Find real numbers \(a,b\in\mathbf{R}\) so that
\[
\mathbf{u} = a\mathbf{v}+b\mathbf{w}.
\]
(c) Prove the following general result.
If the vector \(\mathbf{z}=(z_1,z_2,z_3)\in\mathbf{R}^3\) is
a solution to equation (1), then there are scalars
\(a,b\in\mathbf{R}\) so that
\[
\mathbf{z} = a\mathbf{v}+b\mathbf{w}. \qquad\text{(2)}
\]
(d) In (c), prove that for a given vector \(\mathbf{z}\),
there is only one choice for \(a\) and \(b\) that makes equation (2) true.
Solution:
(b)
We need to find \(a\) and \(b\) so that
\[\begin{aligned}
\mathbf{u} &= a \mathbf{v} + b \mathbf{w} \\
(-37,-14,8) &= a(1,2,1) + b(8,4,-1) \\
(-37,-14,8) &= (a+8b,2a+4b,a-b). \\
\end{aligned}
\]
So we need to solve the simultaneous equations
\[
-37=a+8b,\qquad -14=2a+4b,\qquad 8=a-b.
\]
There are lots of ways to do this.
For example, subtracting the third equation from the first one,
we get
\[
\begin{aligned}
-37-8 &= (a+8b)-(a-b) \\
-45 &= 9b \\
-5 &= b. \\
\end{aligned}
\]
Substituting \(b=-5\) into the last equation gives \(a=3\). Then
one should check that \((a,b)=(3,-5)\) is a solution to the three
simultaneous equations. It is, so the solution to (b) is
\[
\mathbf{u} = 3 \mathbf{v} - 5 \mathbf{w}.
\]
(c)
We are given that \(\mathbf{z}=(z_1,z_2,z_3)\) satisfies equation (1),
so we know that
\[
2z_1 - 3z_2 + 4z_3 = 0.
\]
We want to find \(a\) and \(b\) so that
\(\mathbf{z} = a\mathbf{v}+b\mathbf{w}\). This is more-or-less the same
problem as in (b), we need to solve
\[\begin{aligned}
\mathbf{z} &= a \mathbf{v} + b \mathbf{w} \\
(z_1,z_2,z_3) &= a(1,2,1) + b(8,4,-1) \\
(z_1,z_2,z_3) &= (a+8b,2a+4b,a-b). \\
\end{aligned}
\]
So we need to solve
\[\begin{aligned}
a+8b &= z_1 \\
2a+4b &= z_2 \\
a-b &= z_3.\\
\end{aligned}
\]
Proceeding as in (b), we subtract the third equation from the first to
get
\[
9b = z_1-z_3,
\quad\text{so}\quad
b = \frac{z_1-z_3}{9}.
\]
Then substituting in to the first equation gives
\[
a = z_1 - 8b = z_1 - \frac{8z_1-8z_3}{9}
= \frac{z_1+8z_3}{9}.
\]
We now need to check that these values of \(a\) and \(b\) actually work.
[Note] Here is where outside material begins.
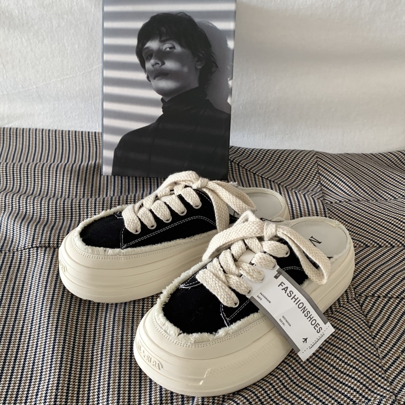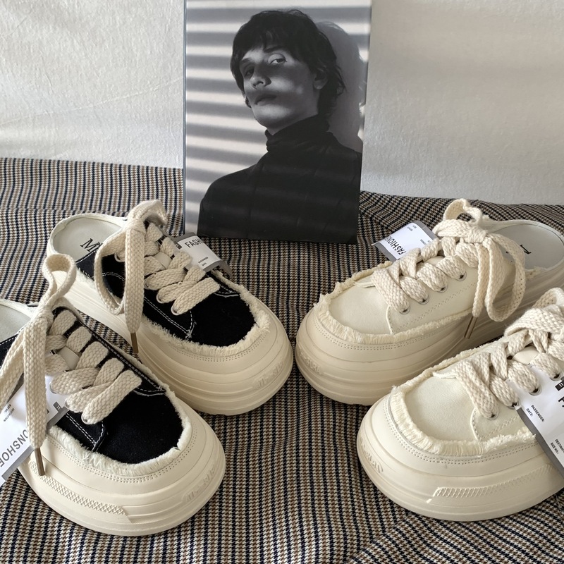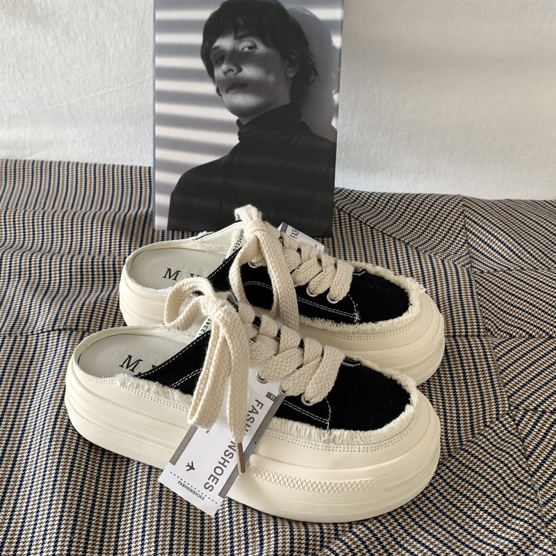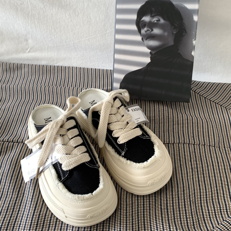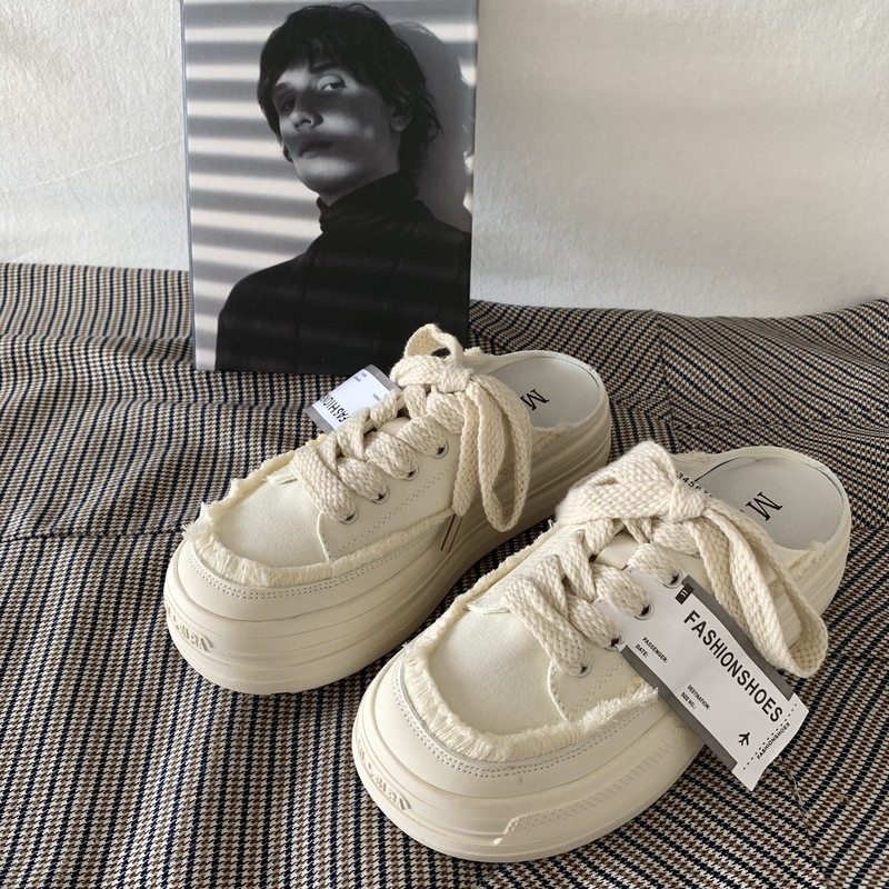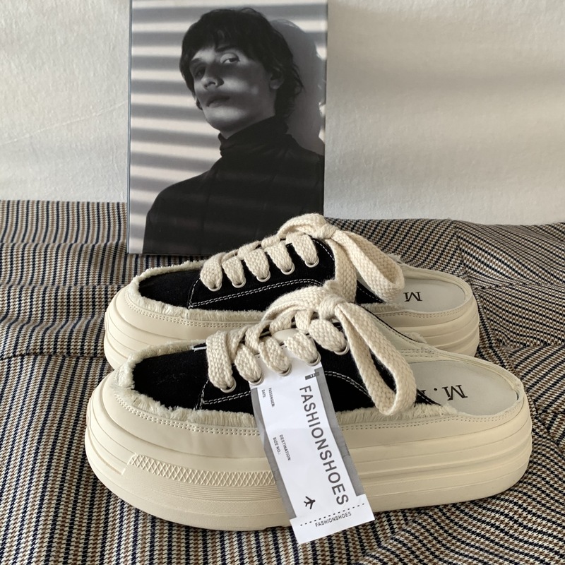 SUNTEK厚底增高懒人一脚蹬半拖鞋女夏季外穿2023超火百搭小白鞋板鞋

(Note that so far, we haven't used the fact that \(\mathbf{z}\) satisfies
equation (1).) So we compute
\[\begin{align*}
a \mathbf{v} + b \mathbf{w}
&= \frac{z_1+8z_3}{9}(1,2,1) + \frac{z_1-z_3}{9}(8,4,-1) \\
&= \left( z_1, \frac{2z_1+4z_3}{3}, z_3 \right) \\
&= \left( z_1, \frac{3z_2}{3}, z_3 \right)
\quad\text{because \(\mathbf{z}\) satisfies equation (1).} \\
&= (z_1,z_2,z_3) \; \checkmark
\end{align*}
\]
(d)
The computation that we did in (c) essentially shows that the only
possible choices for \(a\) and \(b\) are \(a = \frac{z_1+8z_3}{9}\) and \(b =
\frac{z_1-z_3}{9}\).
Alternatively, here is a direct proof, if we wanted to prove (d) without
having first done (c). We assume that
\[
\mathbf{z} = a\mathbf{v}+b\mathbf{w}
= a'\mathbf{v}+b'\mathbf{w},
\]
and we need to show that \(a=a'\) and \(b=b'\). Subtracting, we have
\[
(a-a')\mathbf{v}+(b-b')\mathbf{w} = \mathbf{z}-\mathbf{z}= \mathbf{0},
\]
so what we really need to do is show that \(\mathbf{v}\)
and \(\mathbf{w}\) are linearly independent. So we suppose that
\[
c_1\mathbf{v}+c_1\mathbf{w} = \mathbf{0},
\]
and we will prove that \(c_1=c_2=0\). Thus
\[\begin{aligned}
c_1\mathbf{v}+c_1\mathbf{w} &= \mathbf{0} \quad\text{by assumption,} \\
c_1(1,2,1)+c_1(8,4,-1) &= (0,0,0) \quad\text{these are the values
of \(\mathbf{v}\) and \(\mathbf{w}\),} \\
(c_1+8c_2,2c_1+4c_2,c_1-c_2) &= (0,0,0).\\
\end{aligned}
\]
So
\[
c_1+8c_2=0,\qquad 2c_1+4c_2=0,\qquad c_1-c_2=0.
\]
Subtracting the third equation from the first gives \(9c_2=0\), so
\(c_2=0\), and then substituting \(c_2=0\) into the first equation gives
\(c_1=0\). This completes the proof that \(\mathbf{v}\) and \(\mathbf{w}\)
are linearly independent, so there is at most one way to write any
given vector \(\mathbf{z}\) as a linear combination of \(\mathbf{v}\) and
\(\mathbf{w}\).